● **EXERCISE GOAL**: Only the lines below between the one holding "También hizo su" and the one holding "100% cotton and", inclusive, are to be reproduced word for word; the pictures are to be left out.

● **WORKING DATA**:

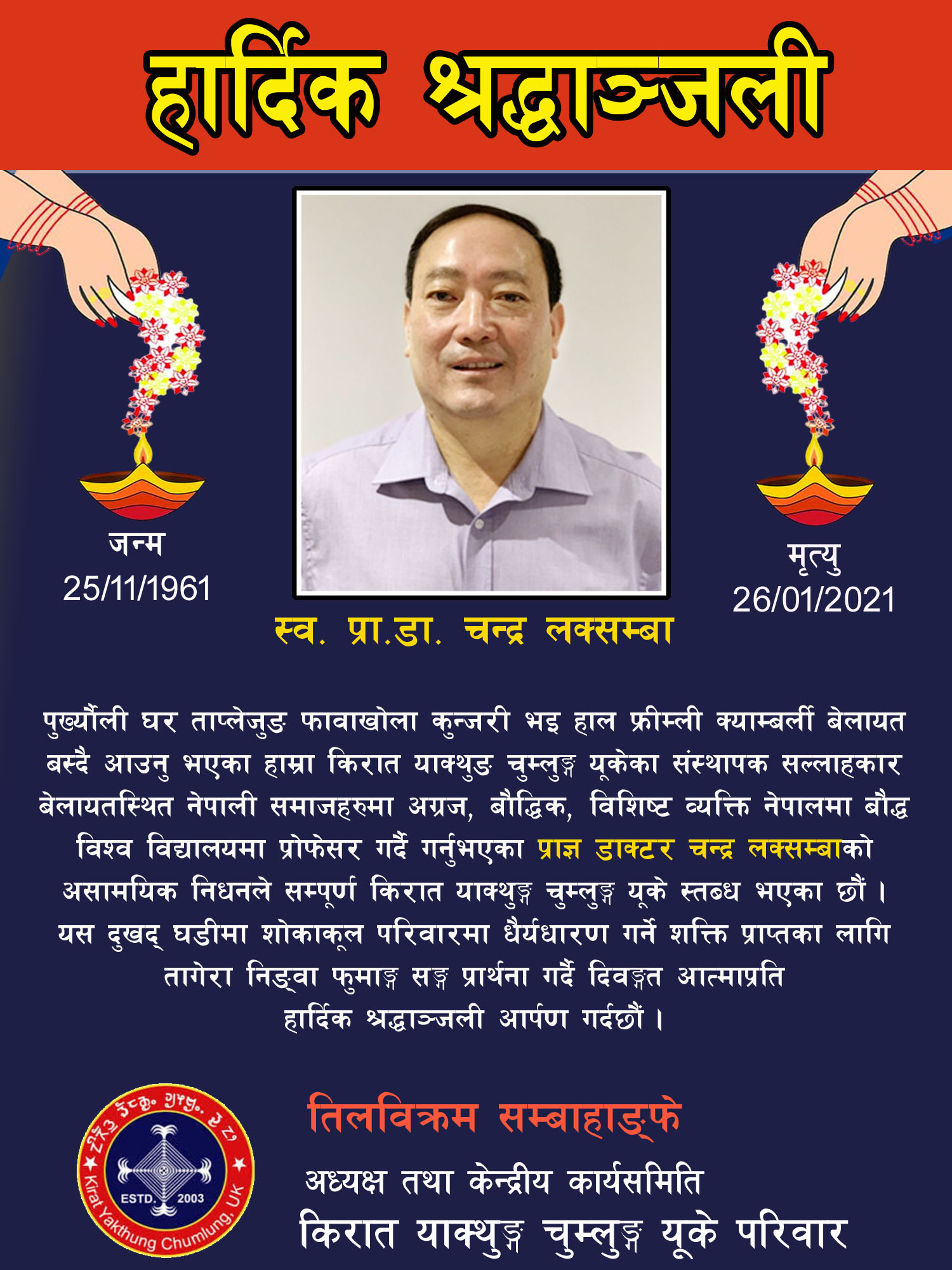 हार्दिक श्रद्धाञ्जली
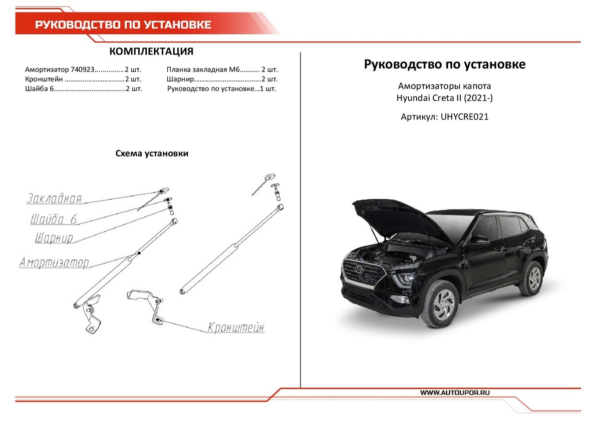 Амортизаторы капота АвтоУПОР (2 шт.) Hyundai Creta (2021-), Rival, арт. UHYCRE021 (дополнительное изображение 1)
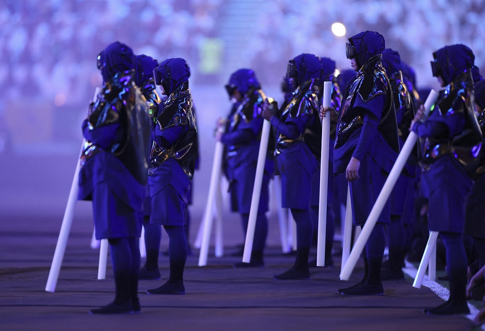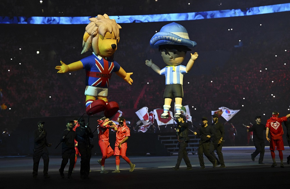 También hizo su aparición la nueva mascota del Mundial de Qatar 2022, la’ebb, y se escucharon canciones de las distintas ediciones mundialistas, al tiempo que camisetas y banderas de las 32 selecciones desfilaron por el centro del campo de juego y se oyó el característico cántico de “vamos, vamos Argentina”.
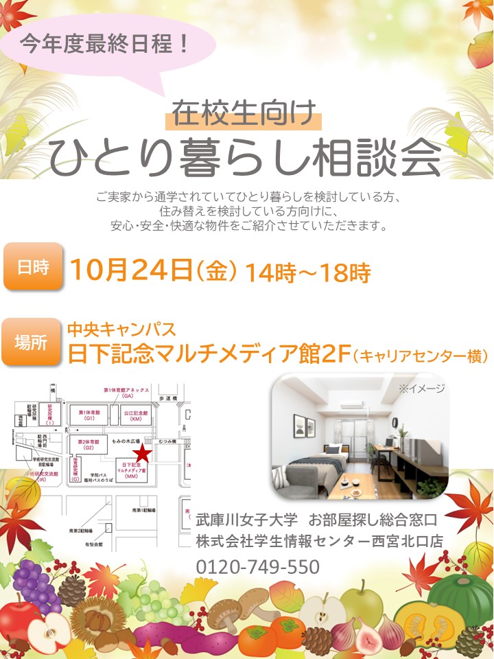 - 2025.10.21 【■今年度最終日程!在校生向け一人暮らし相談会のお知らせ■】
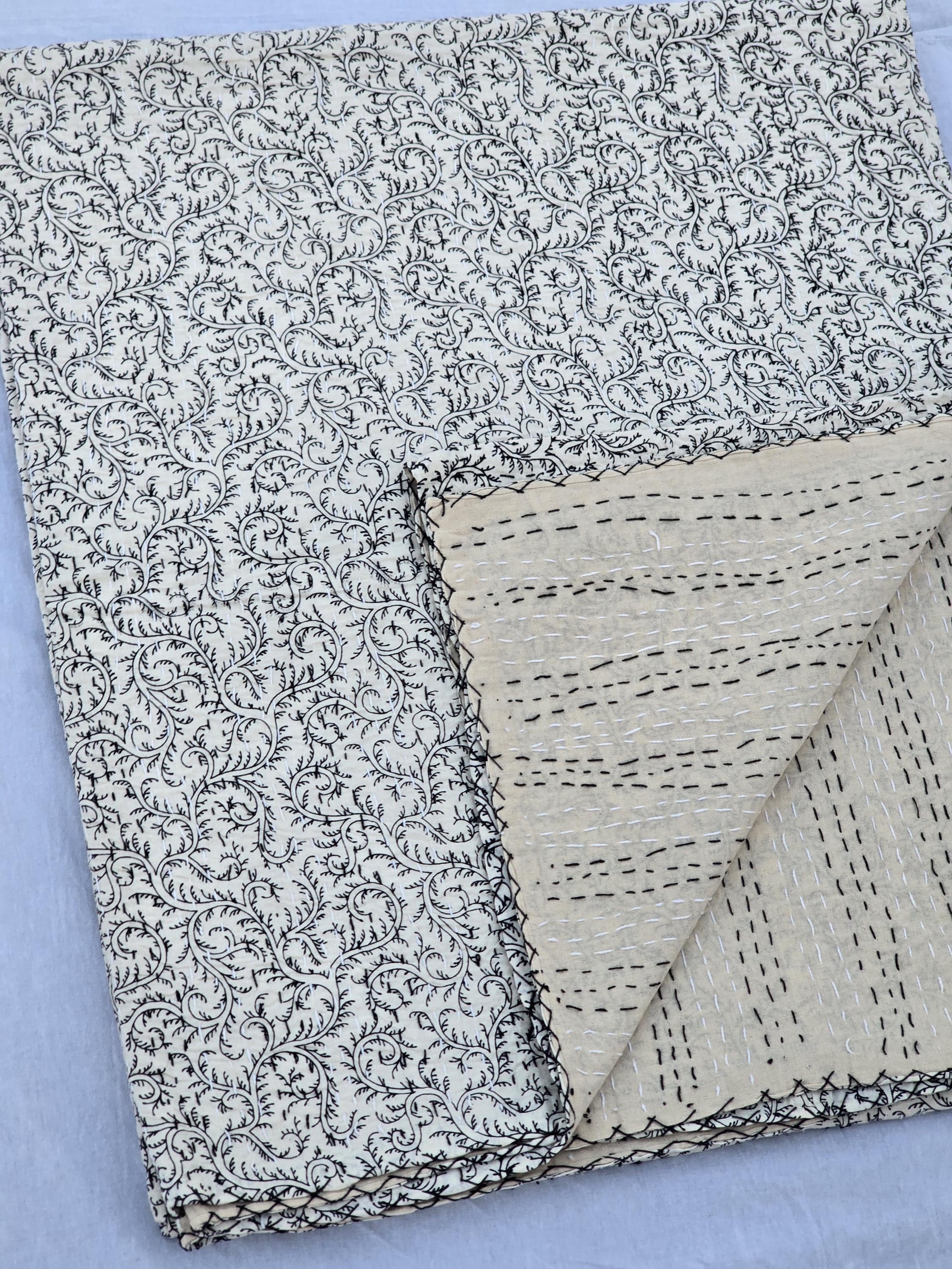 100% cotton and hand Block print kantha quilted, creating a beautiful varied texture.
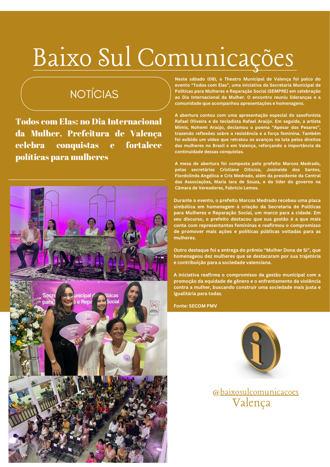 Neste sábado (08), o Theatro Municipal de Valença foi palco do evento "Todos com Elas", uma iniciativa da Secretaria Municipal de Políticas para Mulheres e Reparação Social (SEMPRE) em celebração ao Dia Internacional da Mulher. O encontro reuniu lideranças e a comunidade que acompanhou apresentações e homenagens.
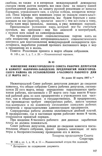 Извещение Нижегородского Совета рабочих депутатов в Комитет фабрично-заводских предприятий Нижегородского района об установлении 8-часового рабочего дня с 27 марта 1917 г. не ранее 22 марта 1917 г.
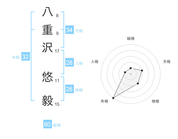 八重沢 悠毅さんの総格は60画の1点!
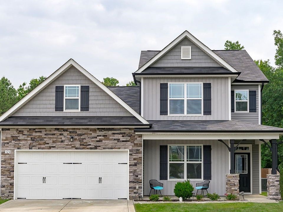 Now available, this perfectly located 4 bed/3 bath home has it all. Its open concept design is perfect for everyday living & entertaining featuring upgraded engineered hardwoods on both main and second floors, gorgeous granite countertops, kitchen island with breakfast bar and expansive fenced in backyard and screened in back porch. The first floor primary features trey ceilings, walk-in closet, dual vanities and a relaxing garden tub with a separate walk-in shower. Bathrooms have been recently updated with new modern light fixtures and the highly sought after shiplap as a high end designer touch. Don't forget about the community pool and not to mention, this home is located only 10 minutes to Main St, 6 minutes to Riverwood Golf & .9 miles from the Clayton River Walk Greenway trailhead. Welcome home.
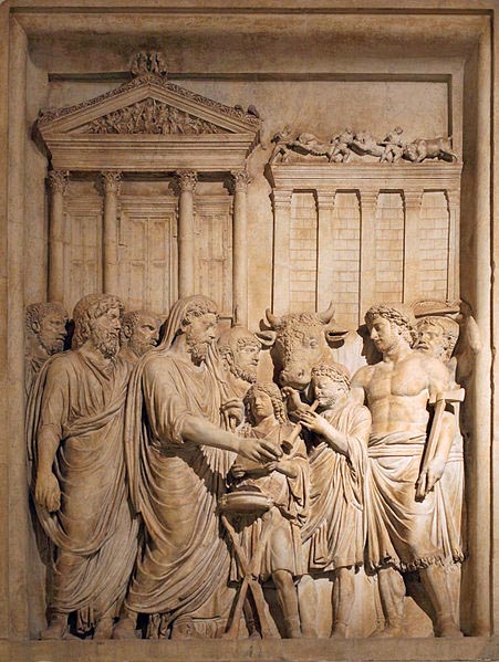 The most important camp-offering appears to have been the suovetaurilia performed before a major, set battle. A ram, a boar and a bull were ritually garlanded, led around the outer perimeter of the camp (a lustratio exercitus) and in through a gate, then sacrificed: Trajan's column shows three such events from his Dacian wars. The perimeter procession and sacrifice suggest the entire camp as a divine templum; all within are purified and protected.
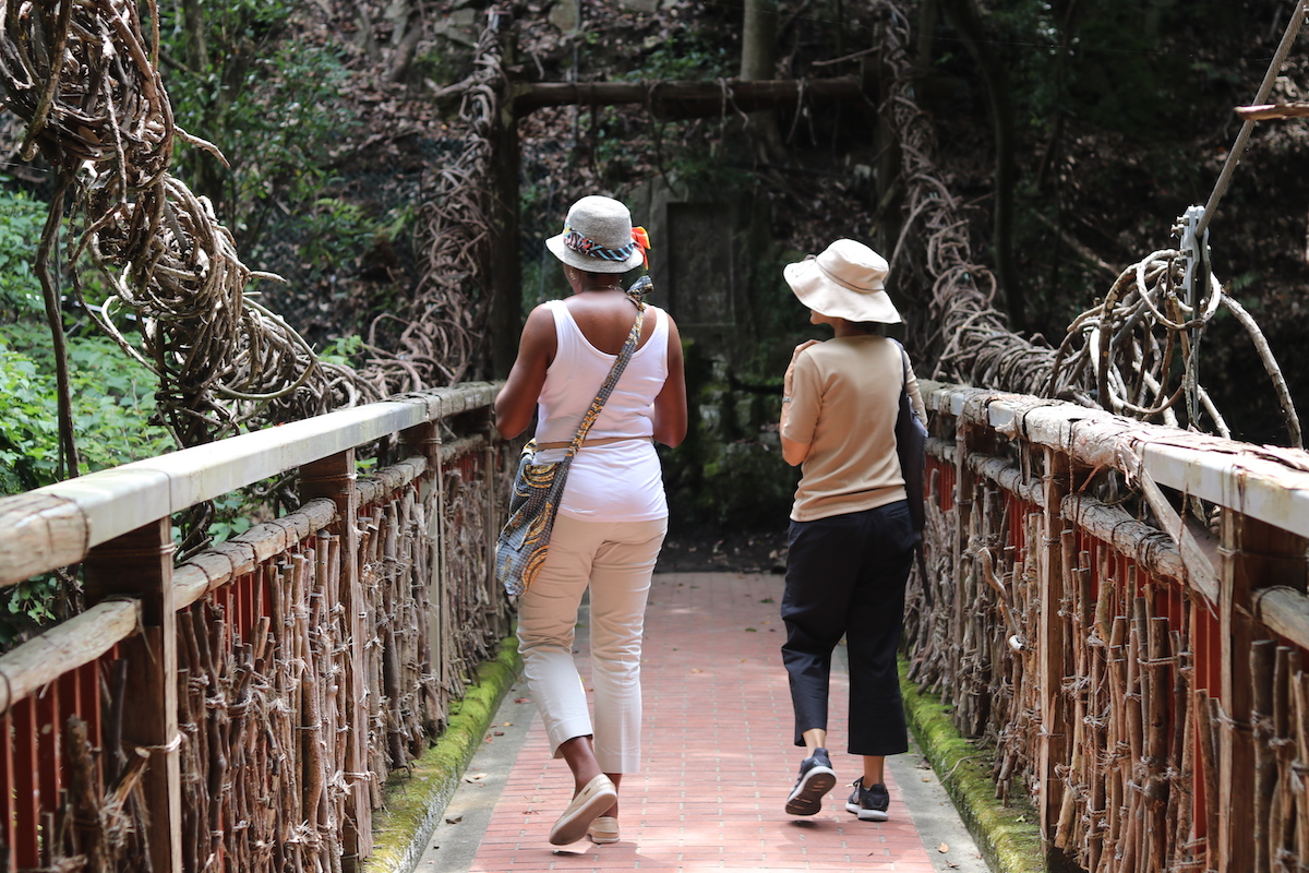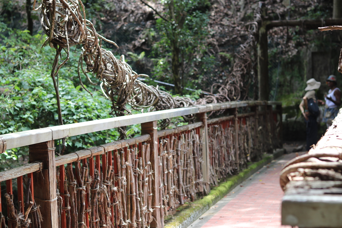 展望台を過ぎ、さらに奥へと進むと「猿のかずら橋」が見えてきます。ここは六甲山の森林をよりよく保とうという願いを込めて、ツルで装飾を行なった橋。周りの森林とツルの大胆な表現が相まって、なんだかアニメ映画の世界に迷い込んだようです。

● **SOLUTION TO THIS EXERCISE**:
 También hizo su aparición la nueva mascota del Mundial de Qatar 2022, la’ebb, y se escucharon canciones de las distintas ediciones mundialistas, al tiempo que camisetas y banderas de las 32 selecciones desfilaron por el centro del campo de juego y se oyó el característico cántico de “vamos, vamos Argentina”.
 - 2025.10.21 【■今年度最終日程!在校生向け一人暮らし相談会のお知らせ■】
 100% cotton and hand Block print kantha quilted, creating a beautiful varied texture.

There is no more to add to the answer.